Brief: Reproduce exactly the lines from the start of the records through the line containing "قائد الجيش اللبناني", both included. Leave the pictures out.

Entries shown:
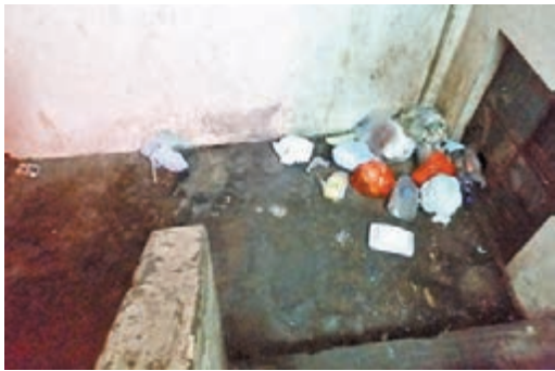
◆深水埗區一些「三無大廈」因有清潔工人離職而無人清理垃圾，大廈樓梯堆積垃圾，環境非常惡劣。
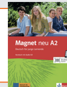
Magnet neu A2
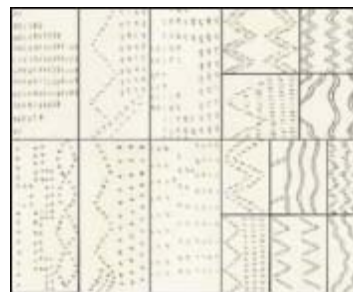
古老的几何图案，具有节奏感，基本元素结合的半示意图。

这个堆被破坏的很严重，发掘出的500多块陶片中找不到3块属于同一个陶器，无法还原任何一件陶器。这些碎片的加工和修饰方法是一致的，我们吃惊地发现当时的人们故意毁掉他们的陶器，也许是因为要往另外的栖息地转移，我在前面也提到了这个习惯。
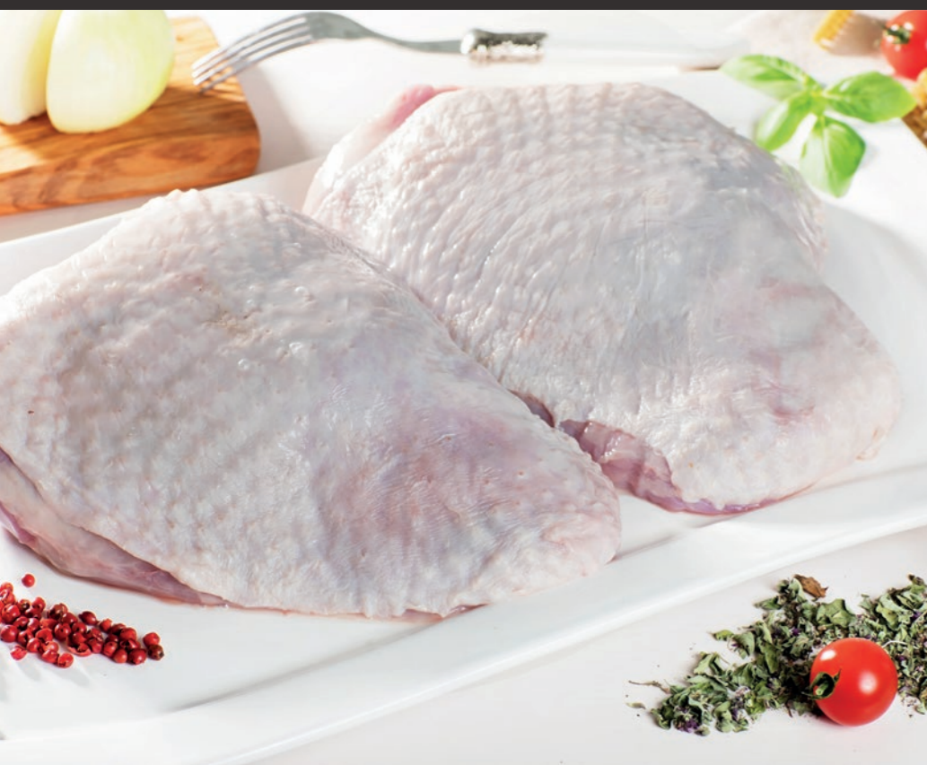
Udziec indyczy ze skórą, z kością
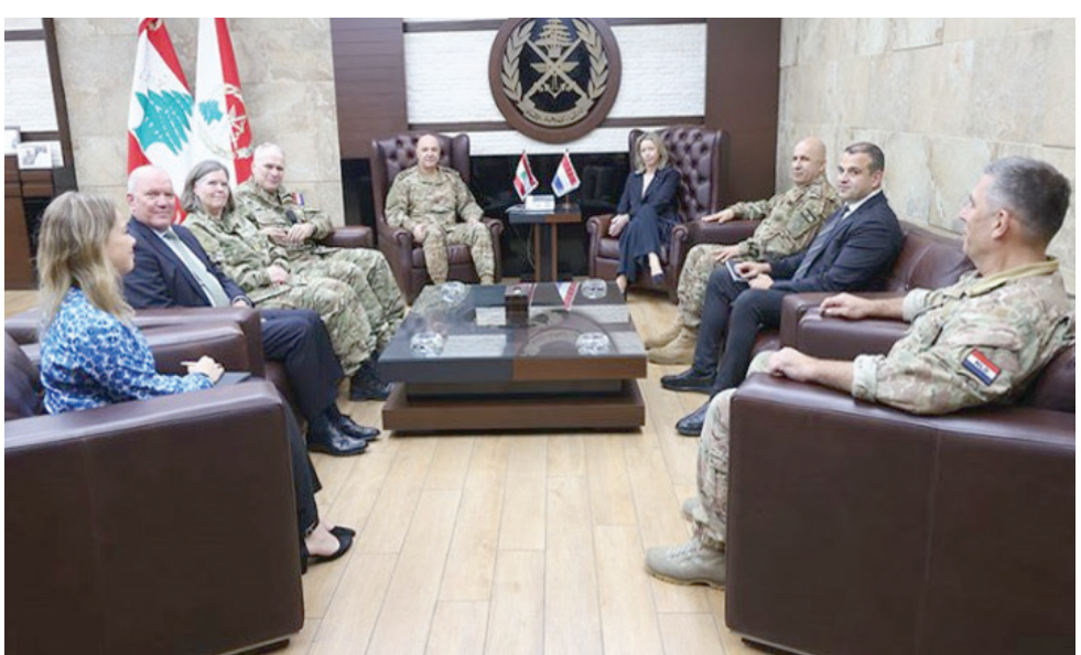
قائد الجيش اللبناني العماد جوزف عون مستقبلاً وزيرة الدفاع الهولندية ورئيس الأركان والوفد المرافق

لا تبدو حظوظ باسيل بإسقاط قانون التمديد بطعن سيستفيد به أمام المجلس الدستوري كبيرة. ويُقر أحد نواب «الوطني الحر» بذلك، قائلاً لـ«الشرق الأوسط»: «قد لا تكون احتمالات القبول بالطعن كبيرة إلا أن هناك مساراً سلكتاه بدستوراً نحاول الحفاظ عليه فيما يُعمن الآخرون بخرقه مراراً وتكراراً»، مضيفاً: «قانون التمديد الذي يعلم الجميع أنه يستهدف شخصاً واحداً مخالف للدستور، وكمنتمنى على المجلس الدستوري أن يترفع عن كل الضغوط ويأخذ بالطعن». واجمعت معظم الكتل السياسية
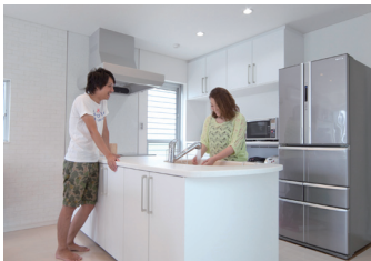
開放感いっぱいのオープンキッチン。天板が広く、パン作りなどでも重宝しているとか
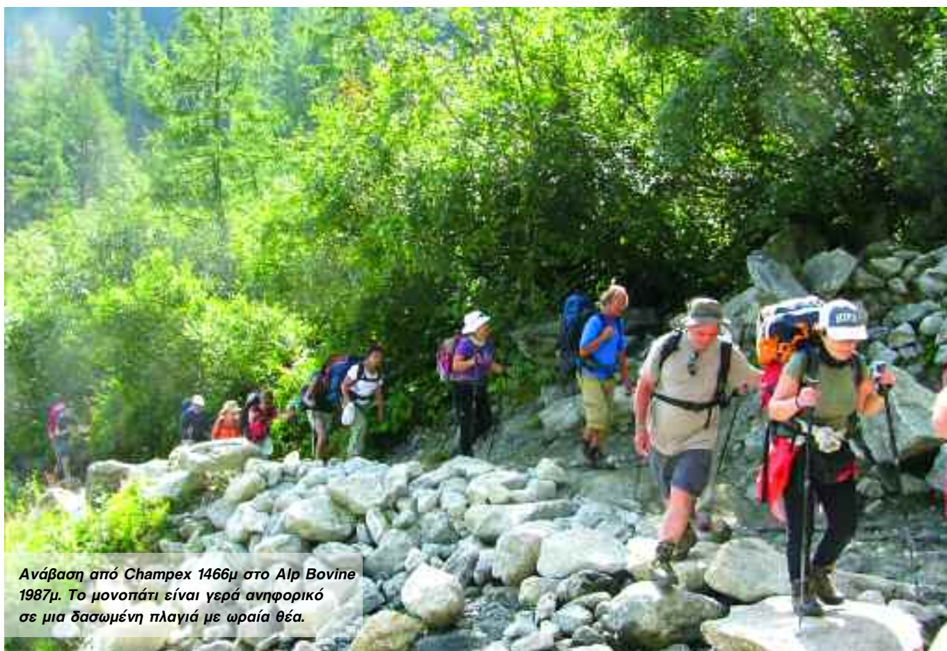
Ανάβαση από Champex 1466μ στο Alpi Bovine 1987μ. Το μονοπάτι είναι γερά ανηφορικό σε μια δασωμένη πλαγιά με ωραία θέα.
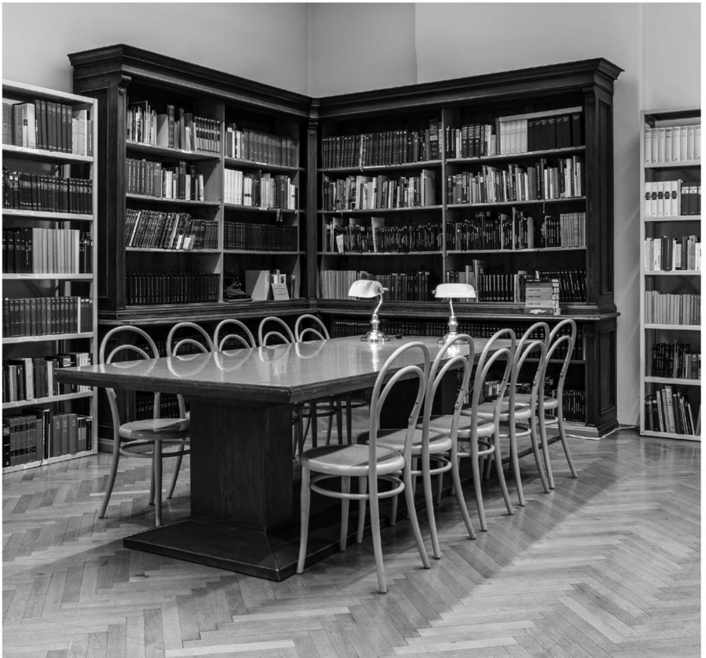
Lesesaal in der Bibliothek des Volkskundemuseum Wien.

Di bis Fr, 9.00 bis 12.00 Uhr. Weitere Benützungsmöglichkeiten nach Vereinbarung Juli und August geschlossen Kontakt: Hermann Hummer hermann.hummer@volkskundemuseum.at +43 1 406 89 05.25
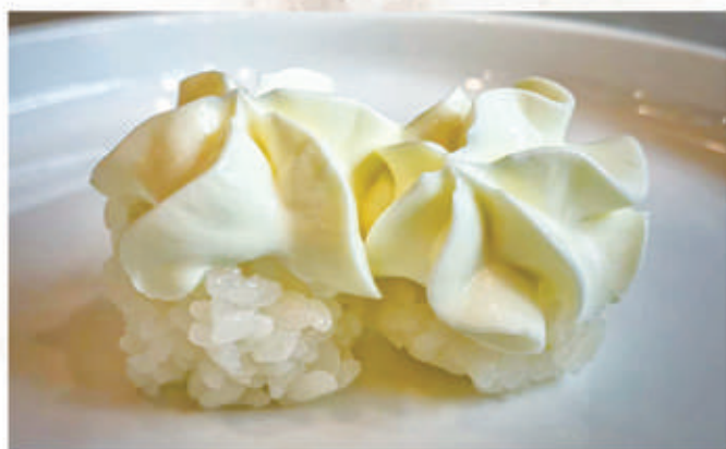
489. BIGNE SNOWBALL riso sushi, philadelphia 3.1.7. € 5,00
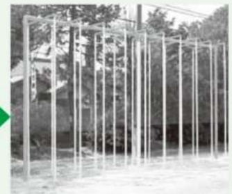
既存の登り棒を新しい登り棒へ更新
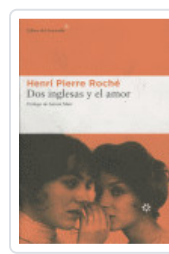
DOS INGLESAS Y EL AMOR ROCHE, HENRI
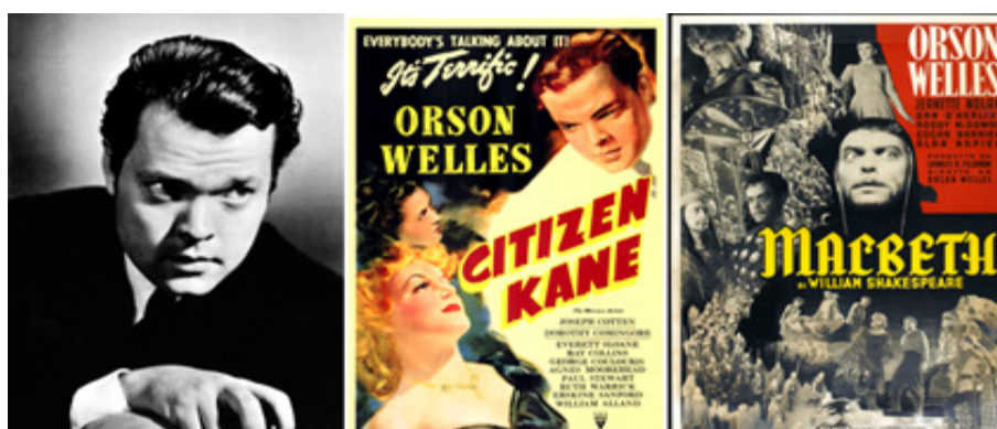
تصویر ۵: پرتره‌ی اورسن ولز و پوستره‌های فیلم‌های همشهری کین و مکبث (فیلم پررویشین، ۱۹۴۸-۱۹۴۱).

باید مفهوم مؤلف را به‌عنوان یک ابزار برای ارتقای آن چیزی شکل می‌دادند که در عرصه‌ی بلندمرتبه‌ی هنرهای زیبا، یک سرگرمی بی‌ارزش تلقی می‌شد. شباهت‌های میان کارگردانی سینما و حرفه‌ی دیزاین قابل توجه است؛ کارگردان هنری یا دیزاینر نیز مانند کارگردان سینما، با مدیریت فعالیت عده‌ی دیگری از افراد خلاق، اغلب از ماده‌ای که با آن کار می‌کند، دور نگاه
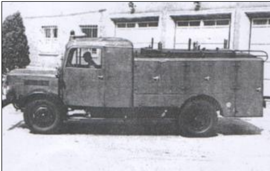
Csepel D350 gépjárműfecskenő (Forrás: ld. [3: mellékletek 26.]

Nem sikerült tisztázni, hogy a paksiak megkapták-e fent nevezett felszerelést, de az egyesület leltárában az alábbiak szerepeltek 1949-ben: „Egységes kocsifecskendő hat, mozdonyfecskendő kettő, vas lajt (500 literes) négy, fa lajt (400 literes) kettő, angol dugólétra tizenöt, gráci létra négy, továbbá kéziszerszámok és lámpák”. Az egyesület egységkönyvébe a következő bejegyzés szerepelt: „1952. március 8-12-én motoros fecskendő átvétele”. Két hónappal később „800-as benzín üzemű kismotorfecskenő átvétele”. „Június hónap 19-én targonca átadása.” Lehetséges, hogy csak ekkor kapták meg a motoros fecskendőket. A paksi képviselőtestület 1947. január 27-én határozatban fogadta el, hogy egy öntöző autót vásárolnak és a tűzoltók kezelésébe adják. Döntöttek arról is, hogy egy harmadik fizetett állást rendszeresítenek a gépkocsivezető részére.
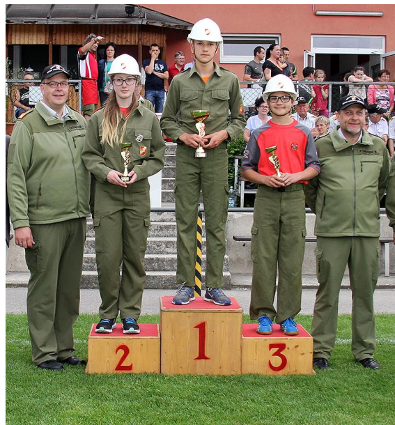
und Geng2 den 2.Rang in der 2.Klasse.
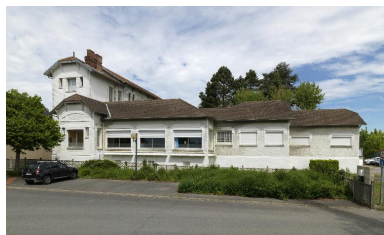
Le bâtiment abritant initialement, de gauche à droite, la salle de lecture, la cuisine et le réfectoire, les lavabos et les bains-douches. Vue de la façade sud sur la rue. IVR32_20170200182NUC2A
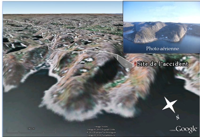
Figure 1. Trajectoire enregistrée par le système de positionnement mondial (GPS)

L'accident s'est produit à un peu moins de 1 nm du détroit d'Hudson, dans une vallée côtière située à 36 nm au sud-est de Kangiqsujuaq. La vallée orientée vers l'ouest est enclavée par deux escarpements rocheux et mesure environ 2300 pieds de largeur. Le sommet du flanc sud est à 1050 pieds asl; celui du flanc nord est à quelque 820 pieds asl. L'appareil se dirigeait en direction nord lorsqu'il a heurté le flanc nord de la vallée à environ 700 pieds asl.
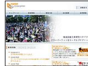
株式会社 マーケットエンタープライズ
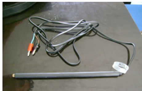
Gambar 10. Probe laserpunktur
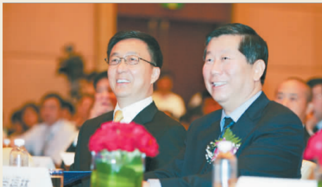
尚福林、韩正等昨日出席首届上市公司高峰论坛

证监会将着重做好五项工作:一是积极推进多层次市场体系建设;二是鼓励和吸引优质大型企业和成长性中小企业发行上市;三是健全和完善上市公司内部制衡机制;四是不断改进和加强上市公司监管;五是推进行业自律组织建设,逐步形成多层次全方位监管体系 证监会告诫上市公司“勿闯三个禁区”:一是坚决勿闯虚假信息披露的禁区;二是坚决勿闯操纵股价和内幕交易的禁区;三是坚决勿闯损害上市公司利益的禁区
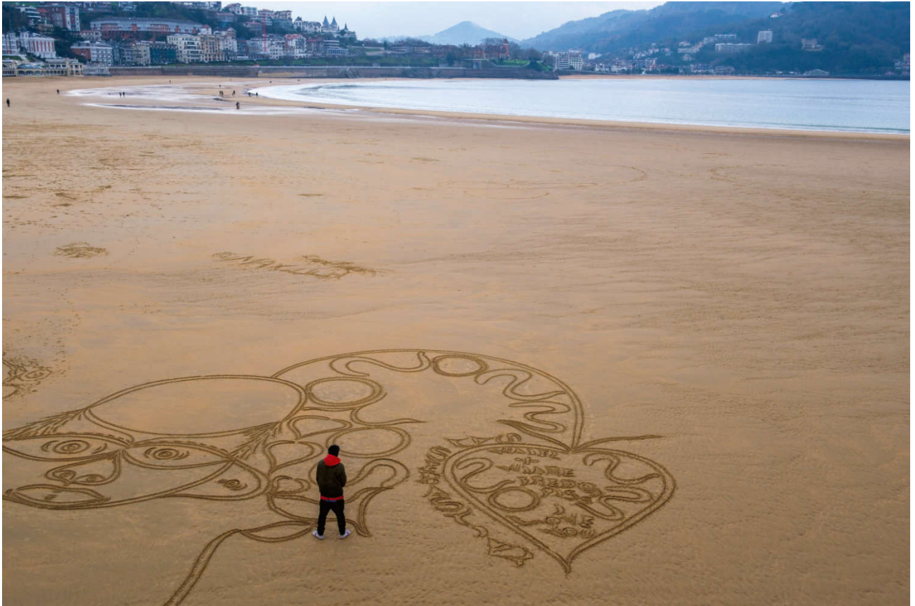
Roen på vinterstranden i San Sebastián byr på mange muligheter.
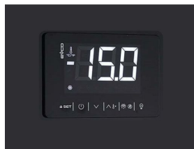
Thermostat tactile numérique
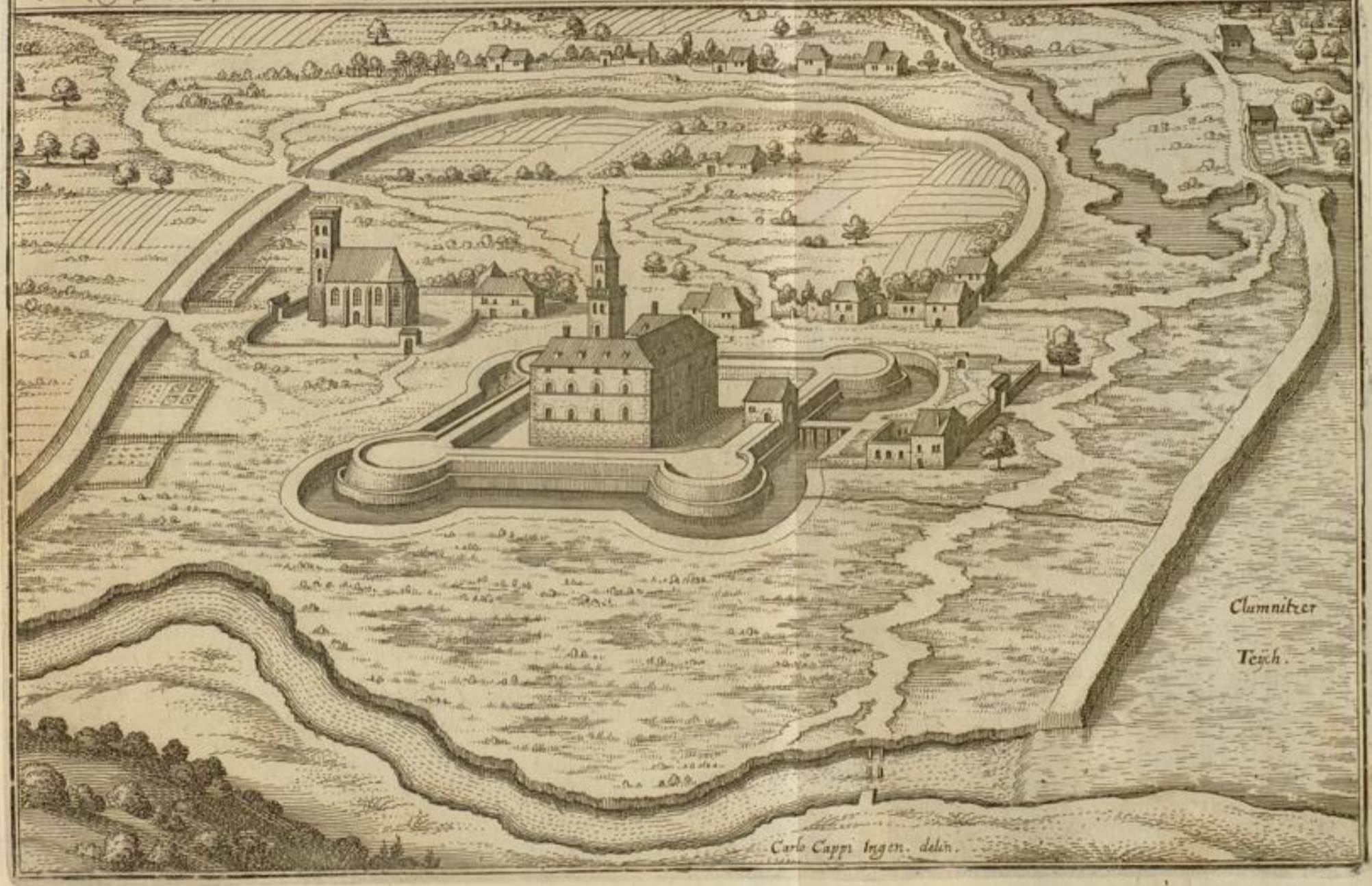
Das Schloß Chlumitz in Böhmen, welches die Kaiser den Schweden mit Gewalt abgenommen im Februario 1640.

Answer area:
◆深水埗區一些「三無大廈」因有清潔工人離職而無人清理垃圾，大廈樓梯堆積垃圾，環境非常惡劣。
Magnet neu A2
古老的几何图案，具有节奏感，基本元素结合的半示意图。

这个堆被破坏的很严重，发掘出的500多块陶片中找不到3块属于同一个陶器，无法还原任何一件陶器。这些碎片的加工和修饰方法是一致的，我们吃惊地发现当时的人们故意毁掉他们的陶器，也许是因为要往另外的栖息地转移，我在前面也提到了这个习惯。
Udziec indyczy ze skórą, z kością
قائد الجيش اللبناني العماد جوزف عون مستقبلاً وزيرة الدفاع الهولندية ورئيس الأركان والوفد المرافق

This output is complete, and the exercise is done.